Problem description -
For the records that follow, please set down exactly the lines between the one holding "成分股中,万国数据跌超16%" and the one holding "RU-509 là bộ", inclusive, and only those.

Data -

◆ ◆ ◆ ◆ ◆

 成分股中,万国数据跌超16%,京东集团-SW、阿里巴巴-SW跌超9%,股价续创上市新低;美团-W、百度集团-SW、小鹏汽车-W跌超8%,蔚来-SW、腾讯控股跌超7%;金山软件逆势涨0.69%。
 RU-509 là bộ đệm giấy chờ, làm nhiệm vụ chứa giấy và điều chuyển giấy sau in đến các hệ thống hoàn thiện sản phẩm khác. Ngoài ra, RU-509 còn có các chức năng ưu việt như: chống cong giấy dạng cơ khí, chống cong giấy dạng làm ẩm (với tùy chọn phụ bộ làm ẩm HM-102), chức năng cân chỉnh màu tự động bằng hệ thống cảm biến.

◆ ◆ ◆ ◆ ◆

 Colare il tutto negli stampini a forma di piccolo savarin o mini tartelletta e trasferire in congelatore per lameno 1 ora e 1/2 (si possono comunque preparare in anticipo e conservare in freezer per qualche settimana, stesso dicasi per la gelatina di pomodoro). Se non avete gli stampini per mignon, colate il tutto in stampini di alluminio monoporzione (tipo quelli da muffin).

◆ ◆ ◆ ◆ ◆

Written reply -
 成分股中,万国数据跌超16%,京东集团-SW、阿里巴巴-SW跌超9%,股价续创上市新低;美团-W、百度集团-SW、小鹏汽车-W跌超8%,蔚来-SW、腾讯控股跌超7%;金山软件逆势涨0.69%。
 RU-509 là bộ đệm giấy chờ, làm nhiệm vụ chứa giấy và điều chuyển giấy sau in đến các hệ thống hoàn thiện sản phẩm khác. Ngoài ra, RU-509 còn có các chức năng ưu việt như: chống cong giấy dạng cơ khí, chống cong giấy dạng làm ẩm (với tùy chọn phụ bộ làm ẩm HM-102), chức năng cân chỉnh màu tự động bằng hệ thống cảm biến.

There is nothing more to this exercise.